All right, so this is a good segue from the last part of our conversation Milena. So we were talking about automation as a subpart of legal technology and you talked a little bit about how that’s one way that lawyers can bring technology to bear on their practice, by automating mundane tasks.
So can you speak generally as to why automation is important to the legal field outside of that one consideration?
Milena Higgins: Yeah. So we are at a place in the legal industry where anyone who is doing work in this field feels the pressure from clients about the high price of legal services and the customer pressure is for things that are better, cheaper, faster, so doing things differently than what we are used to.
And a way to get there is through automation. It’s about moving the right work to the right resource. It’s like taking some of the tasks and having a legal assistant do it or a paralegal do it as opposed to the lawyer doing all of it. So this is yet another resource, you are moving that to the machine.
Jared Correia: Got you. So let’s follow up on that, aside from like task management and you can include specific practice areas too, but do you have a few good examples of how lawyers are using automation in their offices now and gaining benefit from that?
Milena Higgins: Well, I have a couple of examples that come to mind and maybe they are not specifically what you just asked.
Jared Correia: That’s okay, whatever you have got.
Milena Higgins: What came to mind was people — this is part of modern life, right, we as human beings are using our iPhones and our iPads and whatever other technology you have on your desk right now, and so we are used to doing things kind of as a self-service. And some prefer to do that to talking to a human being, getting on the phone or going in person to a bank, for example, you get out your phone and you bank online on your phone. So this is kind of an evolution of that into the legal world.
So I think of companies like Rocket Lawyer or another example is I recently had to draft an NDA for our company to talk to another company and I used, what do you think, something called Robot Lawyer LISA, it’s really just AI. I went online, I answered a bunch of questions and Robot Lawyer LISA drafted my NDA and I went and used it. And it was awesome.
So these are examples of things that are already out there today that lawyers have created to help us do things in a more modern way.
(00:15:10)
Jared Correia: Yeah, document automation is a good example, and I think since lawyers still draft freaking documents, there are so many places that lawyers could use document automation to supplement what they are doing. That’s exactly what you are talking about, just drafting a basic document and taking care of the more complex stuff on their own.
Milena Higgins: Absolutely.
Jared Correia: So let’s talk about how this changes what it’s like to work and what jobs exist now. So you are a company that focuses on augmented intelligence, so let’s start internally with your business. How have jobs changed in your company because of the influence of automation?
Milena Higgins: Yeah, really interesting question. So we have noticed a couple of things happening. We have created new positions altogether that didn’t exist before we kind of embraced and went down this journey.

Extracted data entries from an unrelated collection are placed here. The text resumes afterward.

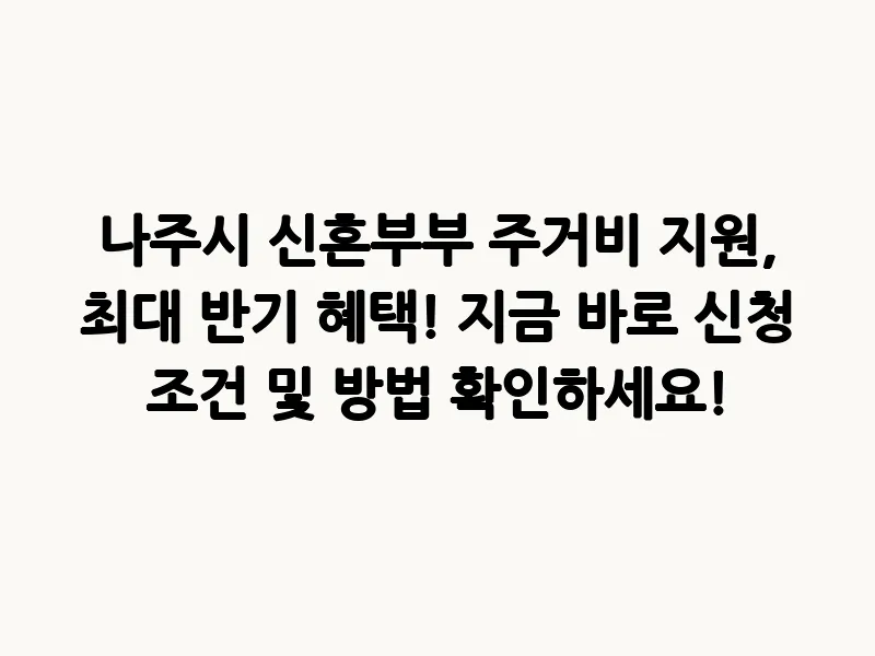 나주시 신혼부부 주거비 지원, 최대 반기 혜택! 지금 바로 신청 조건 및 방법 확인하세요!
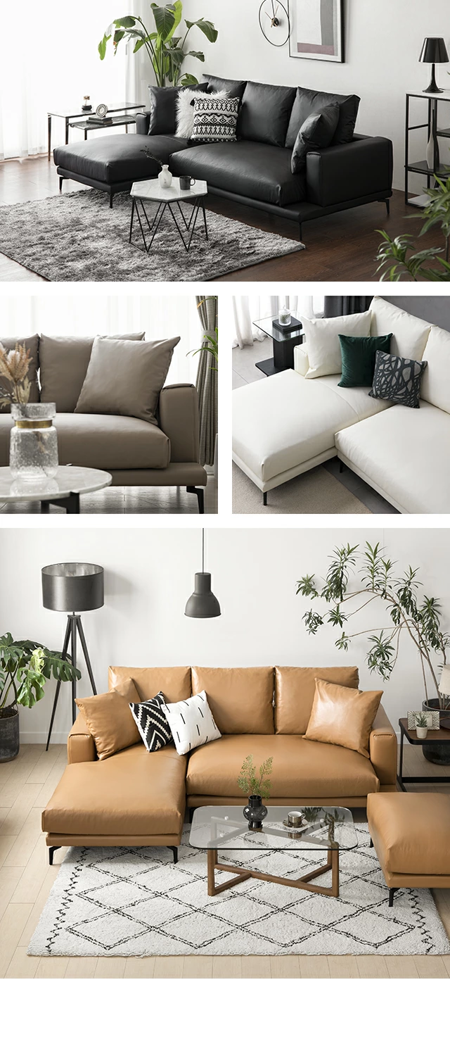 ボリューム豊かなクッションが包み込む優雅なくつろぎスペース。上品な光沢が美しいレザーが格調高い空間を演出します。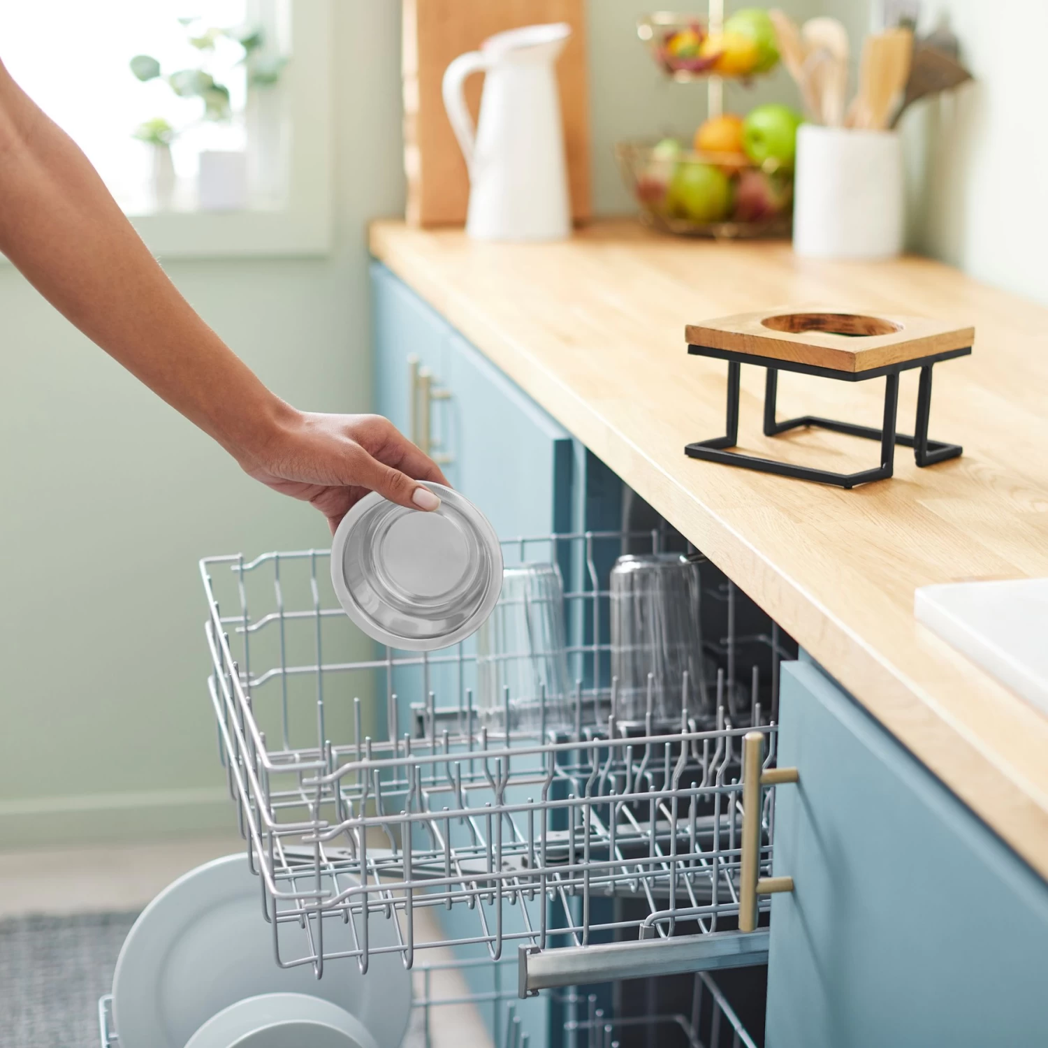- Elevated diner is made from stainless steel with a wooden top, for a sleek and modern look that’ll blend in seamlessly with your home décor.

So we, for example, have docketing automation specialists, people who essentially are programmers to code — and they are not necessarily sitting and coding in the traditional sense, but they are using tools to help define what we are doing when we automate certain tasks in the docketing sphere, that’s what our business is. And so these people are — they started out working at Black Hills as docketers, but are now today automation specialists, so they have evolved.
The other thing we are seeing is that the people who have remained in the docketing roles, it’s opened up their worlds too. Because they are not doing those mundane repetitive things as much, it’s allowed them to have more time to do other things.
So for example, we now have the more senior people, people with more experience who became team leads. It used to be that the docketing manager used to be the point of contact with our customers and now it’s the docketers who are team leads who serve as that point of contact and so they interact with our customers today, where they didn’t use to a few years ago. So it opens up those possibilities for people to grow professionally and develop skills that didn’t exist.
Jared Correia: Yeah, so that’s how it should work, right, like new jobs are created and people are doing more high-level work than they were doing before. So that’s a good example I think, I like that, and I think hopefully that that can come into the legal space as well.
So let’s talk about that, like the technology company and technology companies, frankly, are usually more forward-thinking than lawyers. So in terms of a law firm, how do you think a law firm could do something similar in terms of what you have done as a technology company, in terms of jobs and roles?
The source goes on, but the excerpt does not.